Ken Clarke, Peter Mandelson and the C word
Vintage Ken Clarke on Radio 4 just now, talking about cuts.
He attacked the quango (he didn’t have its name at his fingertips) that was planning checks on everyone who ever meets a child, and when challenged that the Tories weren’t planning to cut it he said he didn’t know what policy on it was as he hadn’t checked.
Ken Clarke also said “we have a man” going through all possible cuts for a future government. It sounded to me as though he referred to him as “Philip Holland”.
Ken Clarke, though, was a B feature after the earlier interview with Lord Mandelson. His speech later today was billed as another milestone on the government’s path to economic honesty about the need to cut public spending…

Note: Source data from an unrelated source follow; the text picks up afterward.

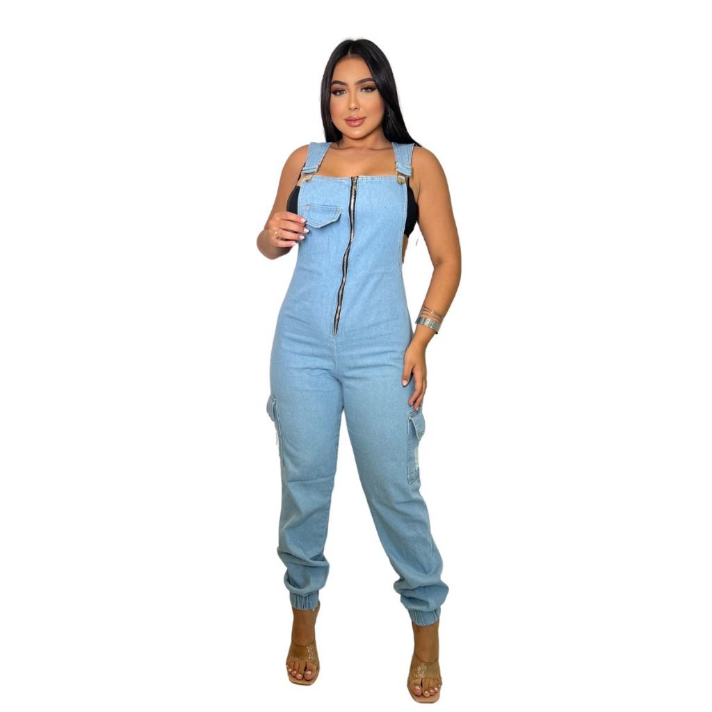 macacão jeans feminino longo ziper jogger macaquinho jerdineira jeans feminina calça curto adulto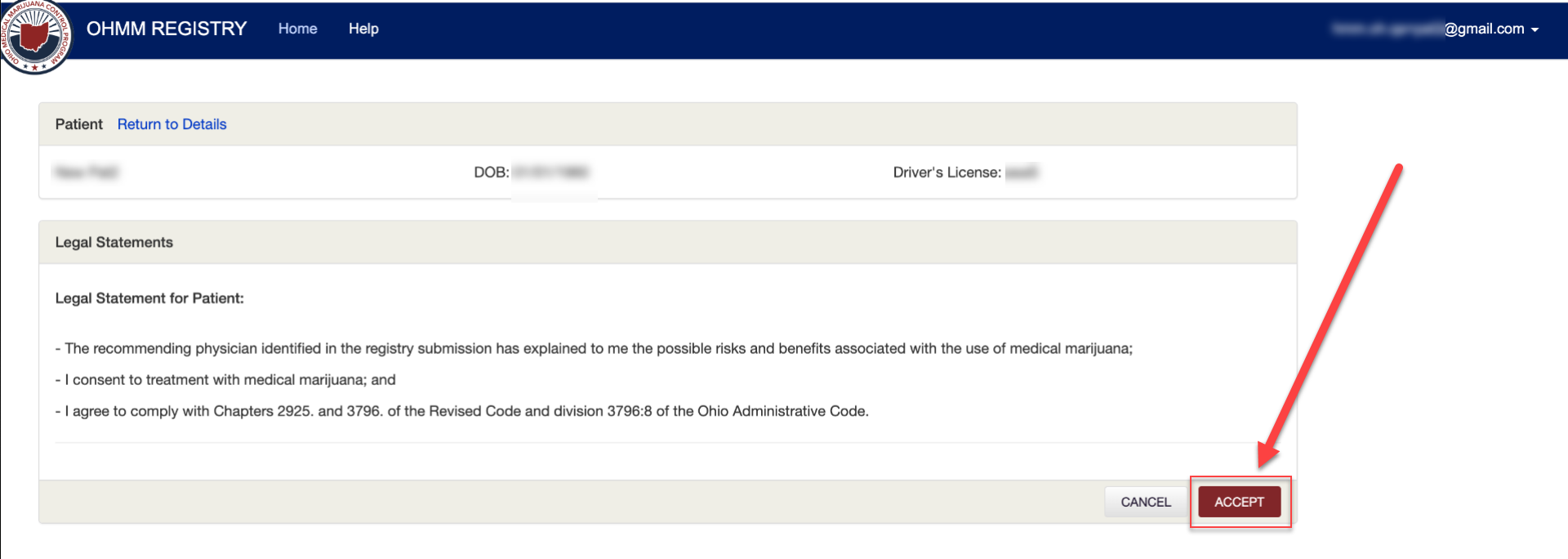 - To begin this process ensure that you are logged into https://www.ohiomedicalmarijuanaregistry.com/.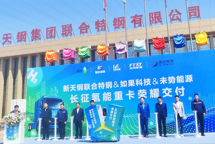 4月18日,未勢(shì)能源、如果科技與新天鋼集團(tuán)聯(lián)合特鋼在天津舉辦“長(zhǎng)征氫能重卡榮耀交付”活動(dòng),這是未勢(shì)能源聯(lián)合產(chǎn)業(yè)鏈伙伴共建市場(chǎng)生態(tài)、共推氫車應(yīng)用的又一實(shí)質(zhì)性成果,也是三方共同發(fā)力氫能清潔運(yùn)輸,為天津“生態(tài)立區(qū)”注入綠色新動(dòng)力的一次落地示范行動(dòng)。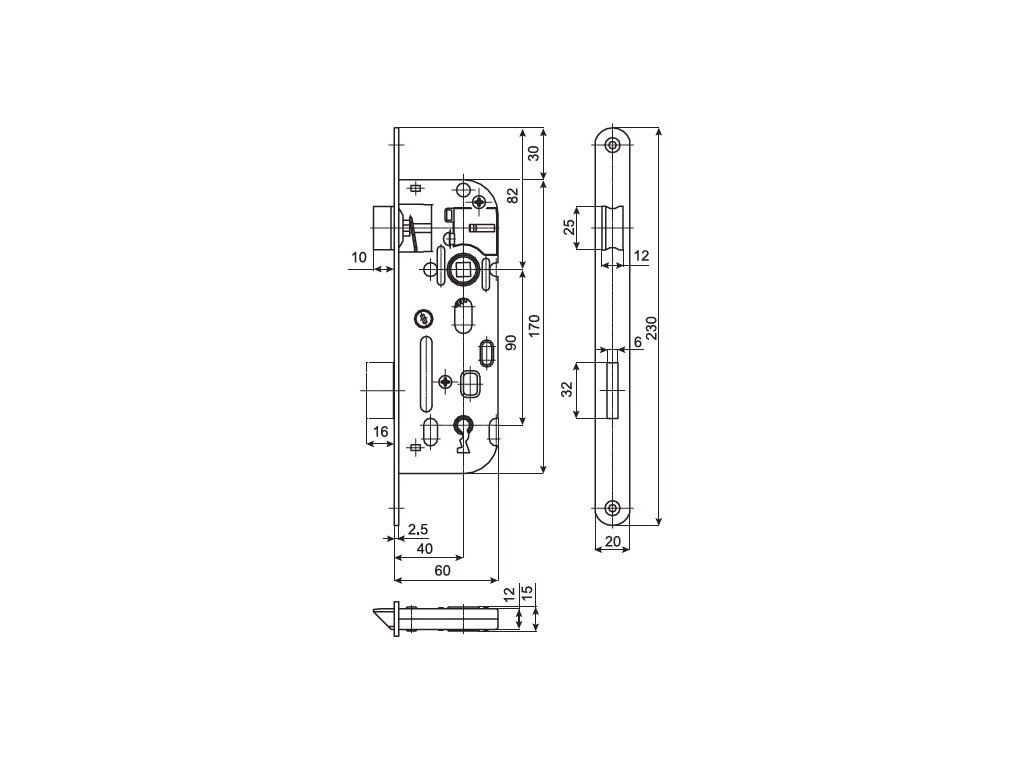 Stavební zadlabávací zámek Hobes 01-15 pro běžný dozický klíč (BB)

But Peter Mandelson fought shy of the C word like crazy and produced a new formulation for the political debate ahead – Tories are into “public service reduction” while Labour wants “deficit reduction”.
In reply to a question about whether Trident and ID cards should be cut, Peter Mandelson said the figures he’d seen linked to those areas didn’t match the big savings floated by other politicians.
The government has often said cutting ID cards wouldn’t really save a penny as the main costs are linked to biometric passports. But was Lord Mandelson showing a bit more ankle on resistance to making any moves on Trident?